Wednesday, August 24, 2011

A Kind Word = Beautiful Home


     The vibes around our home are all wrong.  One snapping, then the other, it seems no one can do a thing right.  I shake my head in wonder.  Why are they acting this way?  I can’t understand it, they were so happy yesterday when my day was going well and I woke up happy.  Then it hit me.  I didn’t wake up so happy today.  I woke up snapping and impatient.  My first words were criticism and discontent at what I found when I walked into the kitchen and a mess looked me in the eye and seemingly said, “Good morning, so glad you joined me.”
     I thought about all of the parenting books I’ve read and what my common sense tells me.  Of course, their mood will feed off of mine.  Aren’t we the same way as adults?  Our moods also feed off of others; seems we are on an endless chain of emotional roller coasters.  Does it have to be that way?  Of course not!  So how do I break this cycle?  Time to dive into God’s word again and find out what advice my Father has for me today.

     I read the most wonderful Proverb today in my Message version. 

Congenial conversation—what a pleasure!  The right word at the right time – beautiful! 

     I read many other verses about attitude and getting along with people and they all helped me very much.  But this one, really spoke to me.  It said to me, “The right word at the right time can make life beautiful.”  It can change everything from being ugly to being a sight to behold.  I have the power with a single word to change the entire atmosphere in this home.  I have to stop, sometimes count to ten, pray for sure, and say the right words.  I’m pretty good with words when I want to be so I can do this.


     If I ever think I can’t I must remember Moses. 

But Moses pleaded with the Lord, “O Lord, I’m not very good with words. I never have been, and I’m not now, even though you have spoken to me. I get tongue-tied, and my words get tangled.”

Then the Lord asked Moses, “Who makes a person’s mouth? Who decides whether people speak or do not speak, hear or do not hear, see or do not see? Is it not I, the Lord?  Now go! I will be with you as you speak, and I will instruct you in what to say.”

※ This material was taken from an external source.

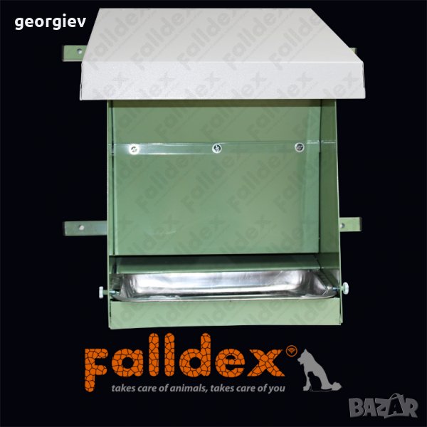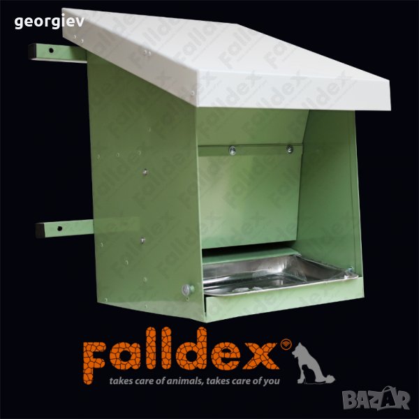 Хранилката е изработена от поцинкована ламарина, прахово боядисана.

     My attitude has to be one of willingness.  I need to be the peacemaker.  If I want peace in my home I can’t wait for everyone else to act like I want them to before I will be at peace.  No, I have to do my part even if no one else is doing theirs.  I could have paid better attention to the timing of my words, like the verse says.  The mess could have been addressed in a kind manner after a “good morning”, in other words.